A current is applied between the common electrode of the recording head and each segment electrode (parallel) by a DC power supply for 60 seconds. Current value from 1mA to 1
The effect was changed between 00 mA and the effect was examined in the same manner as in Examples 1 and 2.

As a result, as shown in FIG.
By setting it to mA or more, the effect of the heating treatment of the heater became remarkable. In the case of Reference Example 1, even when the recording head was filled with ink, the foaming and ejection of the ink were not performed, but the effect of the surface treatment of the heater was the same as in Examples 1 and 2.

Example 3 A heat treatment was performed under the conditions a to f shown in Table 1 below using a recording head having the same configuration as the recording head shown in Example 1.

Under any of the processing conditions, the obtained liquid jet recording head was such that the change in heater resistance was suppressed within a range suitable for always obtaining a good droplet discharge state from the initial stage of recording.

As is clear from the above results, the heat treatment was performed using the K value =
1.15 to 1.25. Number of pulses 1 × 10 ⁵ to 1 × 10 ⁷ , pulse width 5-1
The heat treatment is preferably performed in a range of 0 μs, a frequency of 1.0 to 4.0 kHz, and a heat treatment time of about 2 to 15 minutes. However, a numerical value exceeding these ranges may be set as long as the initial purpose is achieved.

Table 2 shows an example of ink discharge conditions, pre-discharge processing conditions, and pre-heat processing conditions at the time of recording by the recording head described in the first embodiment.

As shown in Table 2, the ink discharge conditions, the pre-discharge processing conditions, and the pre-heat processing conditions are all completely different from the heater heat processing conditions in the present invention.

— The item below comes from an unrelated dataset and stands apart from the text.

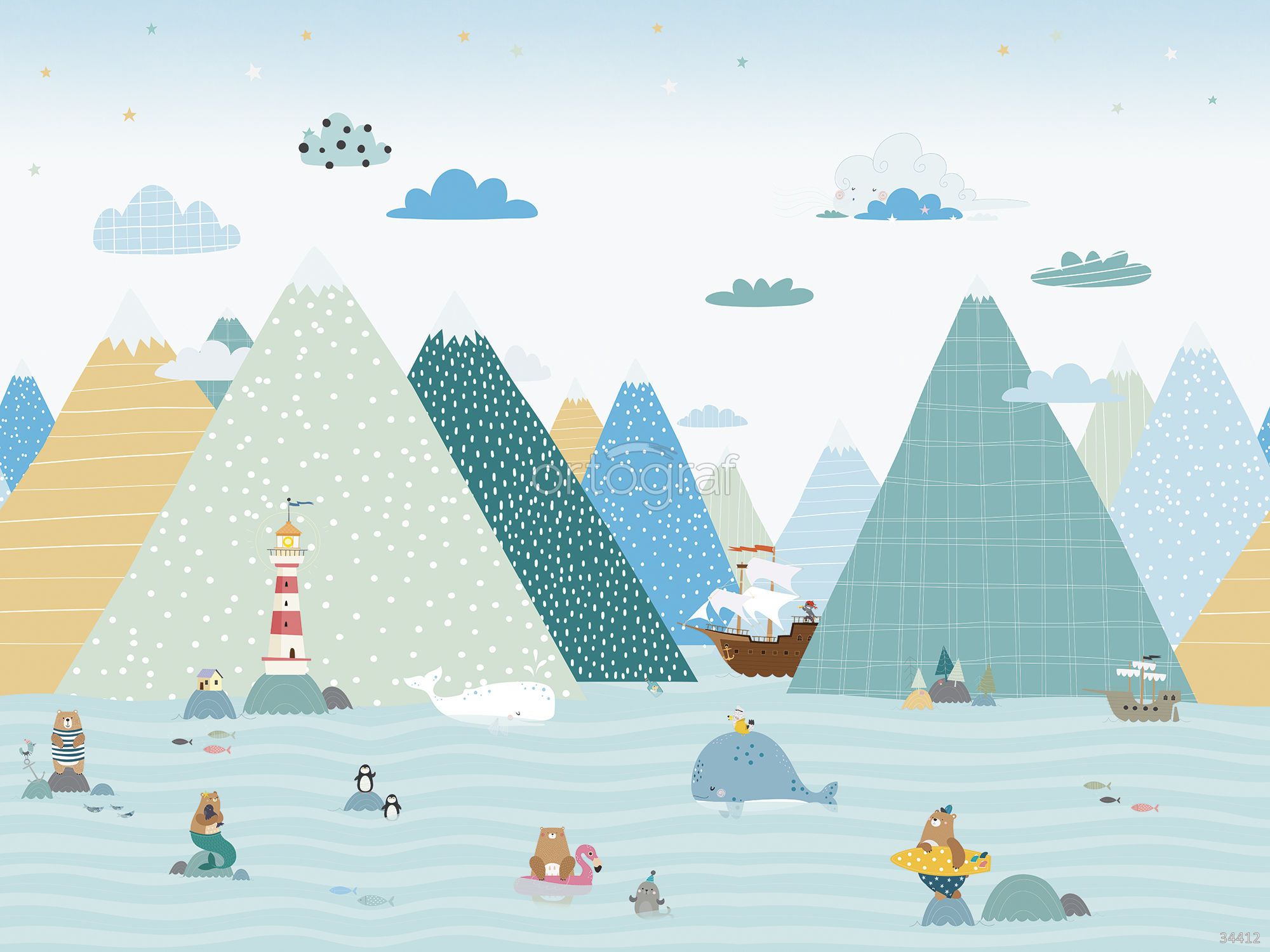Сюжет наполнен морскими приключениями: среди гор, волн и облаков изображены киты, медведи, пингвины, маяк, корабли и маленькие домики. Иллюстрация насыщена деталями, создает атмосферу сказочного путешествия, отлично подходит для оформления пространства, где важна игровая и мечтательная среда. Такой рисунок гармонично впишется в интерьер с упором на фантазию и позитив.

Therefore, it is difficult to improve the characteristics of the heater by these processes, for example, the preliminary ejection process and the preliminary heating process.

〔The invention's effect〕

As described above, according to the present invention, a change in the heater resistance is suppressed within a range suitable for always obtaining a good droplet discharge state from the initial stage of recording, and particularly for recording over a long time, It is possible to provide a method of manufacturing a liquid jet recording head that can always obtain a good and stable droplet discharge state.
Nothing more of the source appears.